XFA/Data Handling Model

From wiki.zmanda.com
Revision as of 06:08, 1 October 2007 by Dustin (talk | contribs) (→‎Notes on Diagrams: add diagrams)
Jump to navigation Jump to search

Introduction

Amanda's data-handling model sits at the core of the application. Its purpose is fairly simple: move data between a backup client and archival storage. However, it is subject to some stringent constraints.

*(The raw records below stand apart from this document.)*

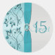 Redonda Pegatina de Quinceanera floral Aqua y Silver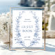 Blue Flower Ornate Victorian Grace Guestbook Sign Poster.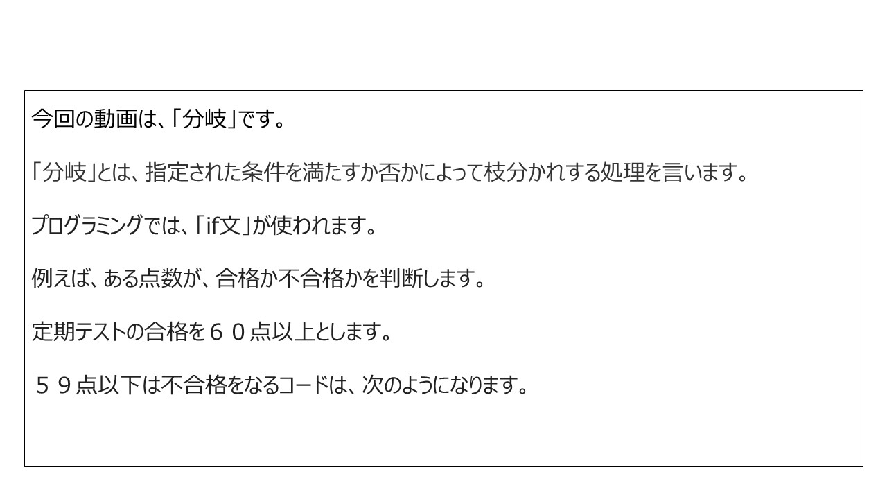 このように、 「分岐」は、指定された条件を満たすか否かによって枝分かれする処理のことです。

  • Tapes are linear-access devices, with optimal block- and file-sizes; performance deteriorates rapidly as parameters diverge from these optima.
  • Recovery of single files (or "user objects", as described below) should be relatively quick, and not require reading an entire dumpfile.
  • Recovery should be possible with only native tools and the contents of tapes.
  • Amanda must be able to recover indexes and all other metadata from the on-tape data alone (a "reindex" operation).

Terminology

Much of this terminology is part of the the Application API; this section briefly summarizes those terms..

Application
An Amanda component that interfaces directly with the client data.
User Object
The smallest object that can be restored (e.g., a file for GNU Tar).
Collection
The smallest amount of data that the application can operate on (e.g., a 512-byte block for GNU Tar).
Transfer
A data-movement operation.
Transfer Element
A component of a transfer; elements are combined in a kind of pipeline, with each element sending data to the next.
Filter
A transfer element which performs some transformation, such as compression or encryption, on the data that passes through it. Filters are described as operating normally when performing a backup, and in reverse on restore. When operating in reverse, a filter transforms data that it produced during normal operation, transforming it back into the original input. For example, an encryption filter encrypts in normal operation, and decrypts in reverse.
Seekable Filter
A filter which, when operating in reverse, can begin at arbitrary points in the datastream; contrast non-seekable filters.
Non-seekable Filter
A filter which, when operating in reverse, must always begin at byte zero of the datastream.
Catenary Filter
A filter for which concatenation is distributive over filtering. A filter is catenary if
cat file1 file2 | filter | filter -reverse

produces the same output as

(filter <file1 ; filter <file2) | filter -reverse

Gzip, for example is catenary.

Bytestream
A linear sequence of bytes; the data exchanged between transfer elements.
Debit
The creation of a range of bytes in a bytestream by a transfer element (we try to avoid the terms "block" or "chunk" here, although the effect is similar).
Credit
The consumption of a range of bytes from a bytestream by a transfer element.

Diagrams

A single bytestream.
A single bytestream.

A bytestream is represented by a solid horizontal line; debits made by the transfer element producing the bytestream are indicated with tickmarks above the line, while credits for the consuming element are delimited with tickmarks below the line.


A filter, transforming the upper bytestream to the lower.
A filter, transforming the upper bytestream to the lower.

A filter element, then, consumes one bytestream (the upper bytestream) and produces another (the lower). Note that there is a one-to-one correspondence of an element's credits (against its source bytestream) and debits (to the bytestream it produces).